In general, the cost of this approach depends on the density of your set and on which functions you call - is_member is the worst case for this approach, since some functions (e.g. clear ) are not at all, and others (e.g. iterate ) can perform a check is_init and do this only once every INIT_COVERAGE elements (which means that the overhead will again be ~ 1% for example values).
Sometimes this approach will be faster than the approach proposed in the OP link, especially when processing elements are not included in the set - in this case, the is_init check will fail and often reduce the remaining code, in which case you have a working set that is much smaller ( 256 times using the granule size example) than the size of the sparse array, so you can significantly reduce gaps to DRAM or external cache levels.

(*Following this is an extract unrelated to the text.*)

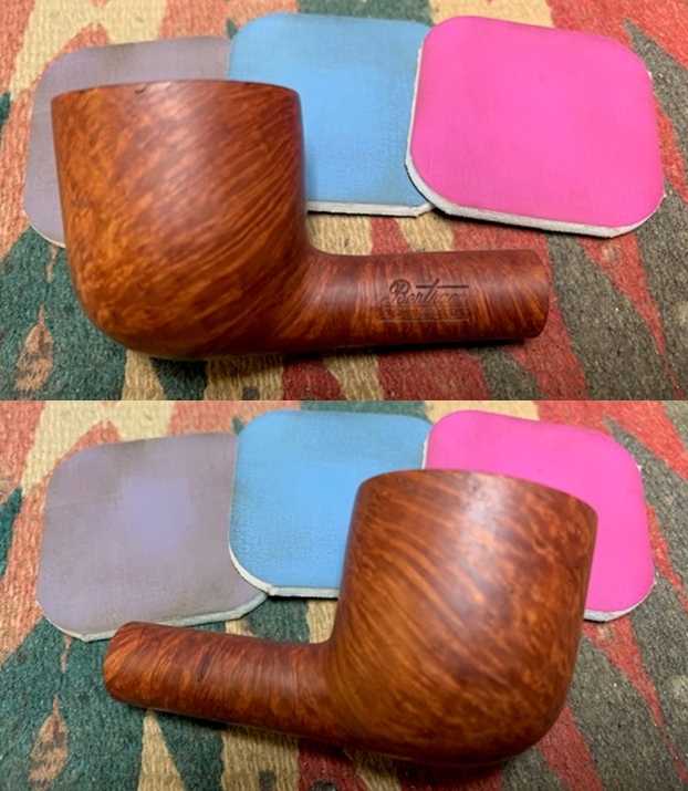 As I have worked on Bertrams I have written on the brand and have included the following information. If you have read it in past blogs, you can skip over it. If you have not, I have included the link to Bertram history and information. I would recommend that if you don’t know much about them take some time to read the background. I include a link to the write up on Pipedia (http://pipedia.org/wiki/Bertram). Bertram pipes were based out of Washington DC. They were popular among famous politicians and celebrities of the time. They made many products for them from FDR’s cigarette holders to Joseph Stalin’s favorite pipe. They were considered some of the best America had to offer till they finally closed their doors in the 70s. Bertram graded their pipes by 10s and sometimes with a 5 added (15, 25, 55 etc.), the higher the grade the better. Above 60s are uncommon and 80-90s are quite rare. I have worked on one 120 Grade billiard. I have several blogs that I have written on rebornpipes that give some history and background to Bertram pipes. (https://rebornpipes.com/2015/06/16/an-easy-restoration-of-a-bertram-grade-60-217-poker/).

Pellet size per se is an important customizable for this approach. Intuitively, a larger granule size pays a large initialization cost when the element covered by the granule gets access for the first time, but retains the memory and initial initialization cost is_init . You can come up with a formula that finds the optimal size in the simple case, but the behavior also depends on the "clustering" of values ​​and other factors. Finally, it is wise to use dynamic granule size to cover your bases under various loads, but this is due to variable shifts.
Really lazy decision
It is worth noting that there is a similarity between calloc and lazy init solutions: both lazily initialize memory blocks as needed, but the calloc solution tracks this implicitly in hardware using MMU magic with page tables and TLBs, while lazy init- the solution does this in software, with the bitmap clearly tracking which granules were selected.

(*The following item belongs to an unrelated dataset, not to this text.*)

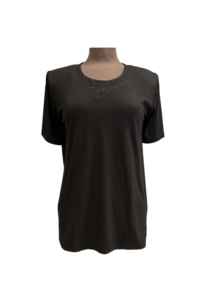 Γυναικεία μπλούζα σε μαύρο χρώμα με κοντό μανίκι, σε ύφασμα βισκόζ, ελληνικής εταιρείας Venturo. Άριστης ποιότητας, με εξαιρετική εφαρμογή και βάτες. Σύνθεση 95% βισκόζ, 5% ελαστάνη.

The advantage of the hardware approach is that it is almost free (for the “hit” case), since it uses the constant support of virtual memory in the CPU to detect misses, but the advantage is portable and allows you to precisely control the size of the granules, etc.

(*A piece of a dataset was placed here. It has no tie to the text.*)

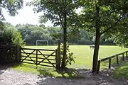The area slopes gently upwards towards the south and east, from an elevation of around 50 metres at the western boundary near Wybunbury, to a high point of 76 metres at SJ714494, on the South Cheshire Way near Ellesmere Farm. Outside Hough village, the parish is predominantly rural, with the major land use being agricultural. Swill Brook runs along parts of the eastern boundary of the parish, and an unnamed tributary forms part of the southern boundary. Numerous small meres and ponds are scattered across the area. Several small areas of woodland fall within the parish, including Cobb's Moss and Hough Gates.[11][12] To the east of Cobb's Lane, south of Hough village, lies Hough Common, an area of common land designated as a county site of biological importance (grade B).[12][13]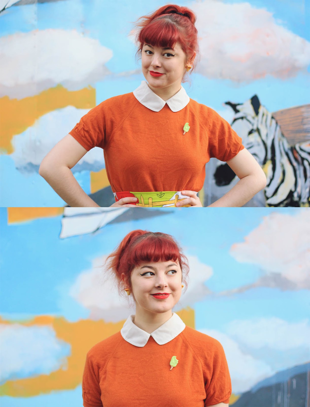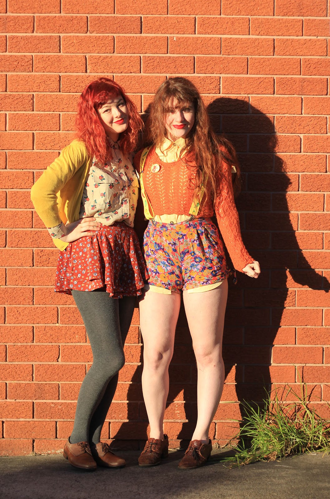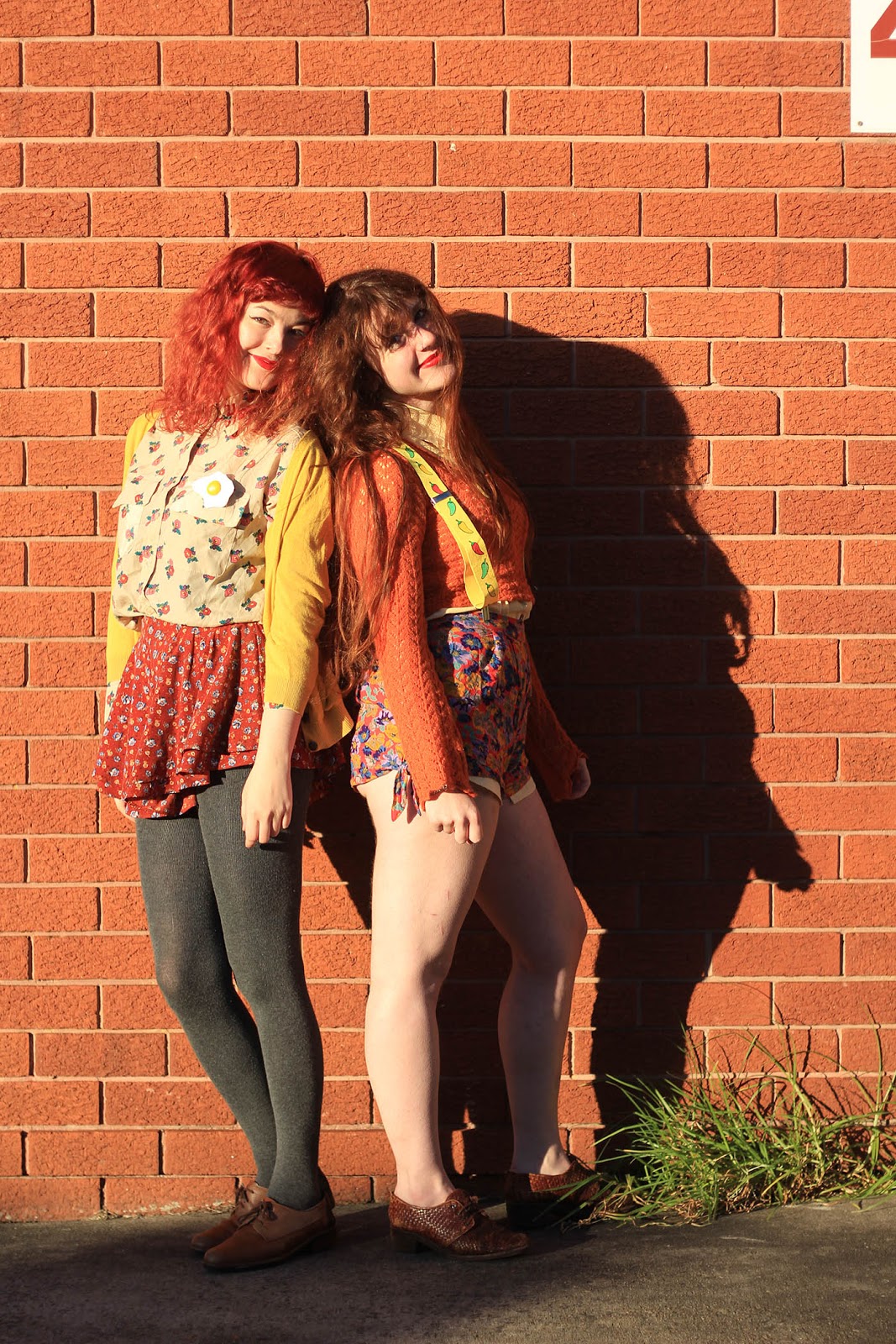 So we spent all of yesterday hanging out and taking photos, our outfits becoming progressively more ridiculous as the day went on. I styled both of our outfits here - for some reason I was feeling Autumnal even though it isn't Autumn anywhere in the world right now. Autumn and... eggs. Because eggs are awesome. Yep.

You can combine these approaches, make a lazy approach that does not use a bitmap, and you don’t even need a dense array: just select the sparse array with mmap as PROT_NONE , so you are mistaken when reading from an unallocated page in the sparse array. You will catch the error and select the page in the sparse array with a sentinel value indicating "no" for each element.
This is the fastest of all for the "hot" case: you no longer need any verification ... && dense[sparse[i]] == i .
Disadvantages:
- Your code really is not portable, because you need to implement error handling logic, which usually depends on the platform.
- You cannot control the size of the granule: it must be at the level of detail on the page (or several or several). If your set is very sparse (say, less than 1 out of 4096 occupied elements) and evenly distributed, you end up paying the high initialization cost, since you need to handle the error and initialize a full page of values ​​for each element.
- Miss (i.e. without inserting access to installed elements that do not exist) either needs to select the page even if there are no elements in this range, or it will be very slow (with an error) every time.
1 This implementation does not have a “range check” MAX_ELEM is, it does not check whether i MAX_ELEM — depending on your use case, you can check this. My implementation used the template parameter for MAX_ELEM , which could lead to slightly faster code, but also more bloated, and you would do anything to just make the maximum size a member of the class.
2 Indeed, the only requirement is that you use something that calls calloc under the covers or performs equivalent zero-fill optimization, but based on my tests, are more idiomatic C ++ approaches like new int[size]() just do the highlighting, and then memset . gcc optimizes malloc and then memset in calloc , but this is not useful if you avoid using C routines anyway!
3 Similarly, you will need 1 extra bit to track every 128 bits of the sparse array.